Deleted my dating app too. Haven't been on one since. I'd much rather take my chances in the real world.
Also fun fact, I clicked on the wrong article when responding to this and end up writing this on an ask "how did you heal from a toxic relationship" so that's fun... Lol
let me first warn you that this is not nearly as bad as the others. however, six-year-old me was crushed. when i was in first grade, we were exchanging valentines in my class. one of my best friends gave me a sticky, pink cat-shaped thing that you were supposed to throw onto the wall and stretch. when i came home with this cat, who had already become my dearest possession, my siblings and i played around with it for a bit. then, my brother or my sister or maybe me hurled it onto the ceiling and nobody could get it down. it didn't come down until three years later when i was moving houses, my dad plucked it off the ceiling with a ladder and threw it away. i still mourn for it. not very bad, except to a six-year-old me.
Not too bad, but I am happily alone (single just seems wanting, and I'm not) and this kid asked me out last night after a five-minute conversation about how he plays drums and basketball. It was really awkward. My sister thought it was hilarious.

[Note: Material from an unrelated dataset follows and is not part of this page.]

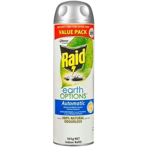 Raid Earth Options Automatic Advanced Multi Insect Control System with Natural Pyrethrins is designed for continuous protection against flying and crawling insects. Pyrethrins are extracts from chrysanthemum daisies, which are natures own protection against insects. These extracts are used to control most common insects like flies, mosquitoes, ants & cockroaches.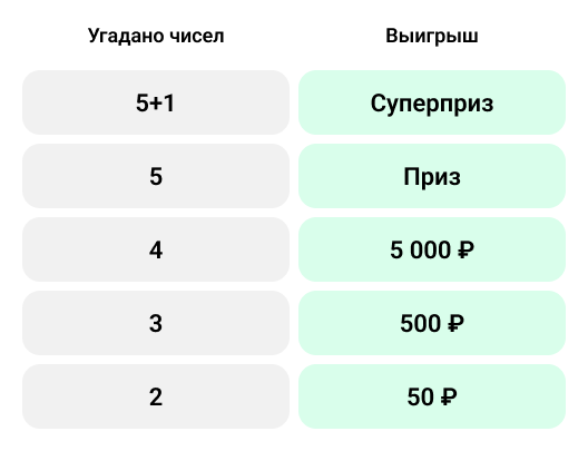 «Спортлото «5 из 36» и «клава» являются равнозначными коммерческими наименованиями лотереи «ВГЛ 1 Спорт», алгоритм определения выигрышей № 2, срок проведения лотерей — до 31.12.2029. Информацию об организаторе лотерей, о правилах их проведения, призовом фонде лотерей, количестве призов или выигрышей, о сроках, месте и порядке получения призов или выигрышей можно узнать на stoloto.ru или по телефону 8 900 555 00 55.

I received a flower bouquet, a pot roast meal kit and strawberry ice cream cones shaped like rose petals. The flowers were wilted, the pot roast was unnecessary bc I was battling strep throat and could barely swallow, and not to mention that I hate strawberry ice cream. This was all delivered on a box that said “Tomatoes” because it came from Aldi. The sad part- it was from my gf of three years who knows that Valentine’s Day is my holiday. Even though I was sick and at home, I still managed for her and our dog to receive beautiful gifts. I was so hurt.
It was last year.
My husband had made a reservation for a Valentine's fancy meal to take away in a restaurant that we love.

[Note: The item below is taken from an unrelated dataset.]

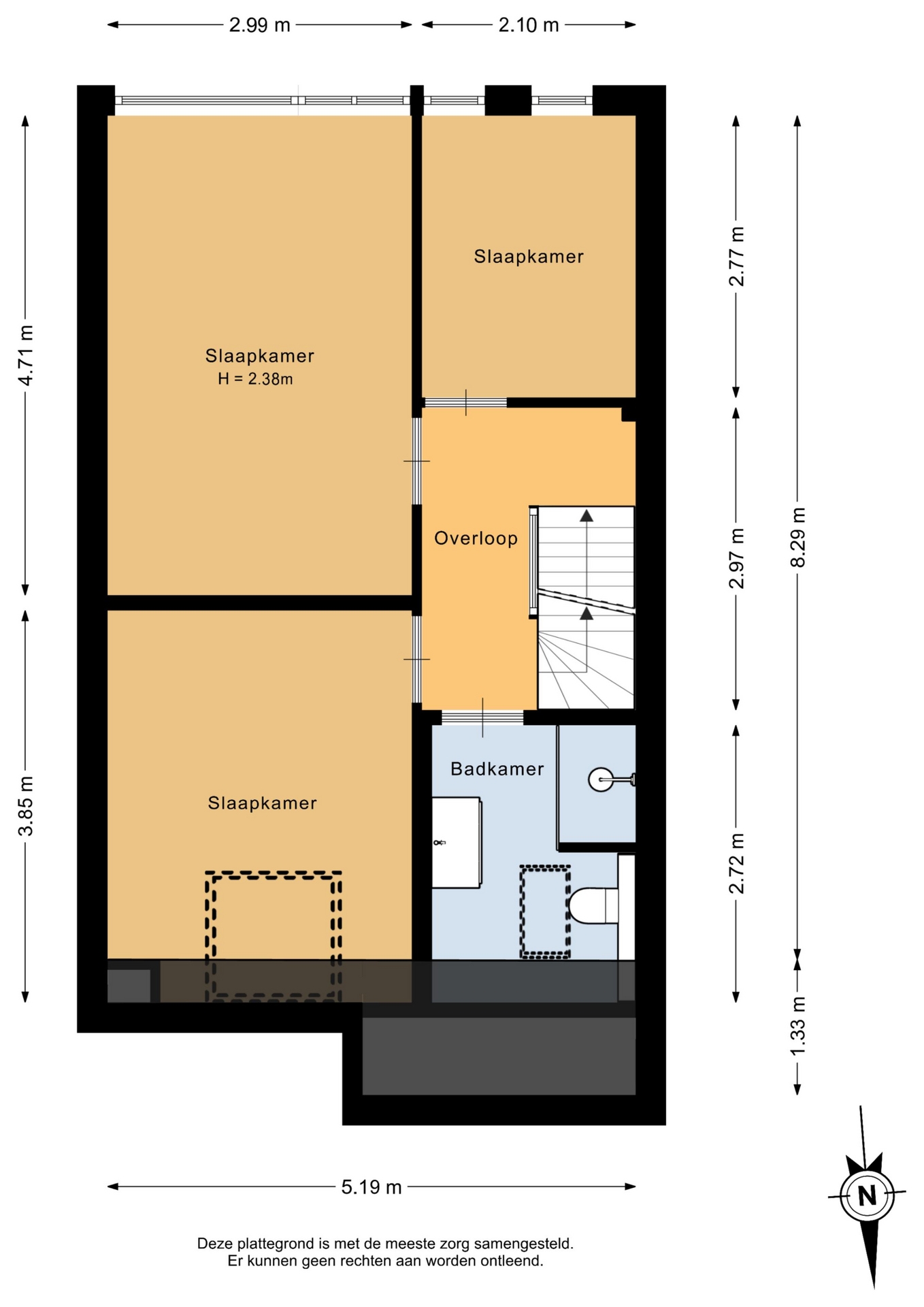 “Deze informatie is door ons met de nodige zorgvuldigheid samengesteld. Onzerzijds wordt echter geen enkele aansprakelijkheid aanvaard voor enige onvolledigheid, onjuistheid of anderszins, dan wel de gevolgen daarvan. Alle opgegeven maten en oppervlakten zijn indicatief.”

We didn't plan to eat there because our son was only 6 months, breastfed, and we wanted a nice meal at home without cooking.
The day before, my son had a medical issue and we spent 3 days at hospital (it was the second time my son was hospitalized this year, because doctors wanted to monitor him and make exams).

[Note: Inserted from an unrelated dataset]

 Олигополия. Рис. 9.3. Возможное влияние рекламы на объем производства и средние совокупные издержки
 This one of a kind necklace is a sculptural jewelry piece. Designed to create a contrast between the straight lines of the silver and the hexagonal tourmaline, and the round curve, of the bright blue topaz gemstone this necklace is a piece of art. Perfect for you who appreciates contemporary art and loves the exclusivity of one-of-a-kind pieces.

My husband wasn't allowed to stay the night with us, so we ate the Valentine's meal together without any pleasure and then he left.
I spent a horrible night on a couch, with my baby (monitored, wires, machines, beeps...) next to me. I cried and I was exhausted.
NB: The monitoring part was frightening but we were already used to it (premature baby) so I was rather positive about the situation.
Fortunately everything went good afterwards.
This year we spent a nice Valentine's day (at home !). But I couldn't help thinking about last year with knots in my stomach.
So glad you had a good Valentines this year. Can't imagine going through something like that. ❤️
My crush rejected me the day before.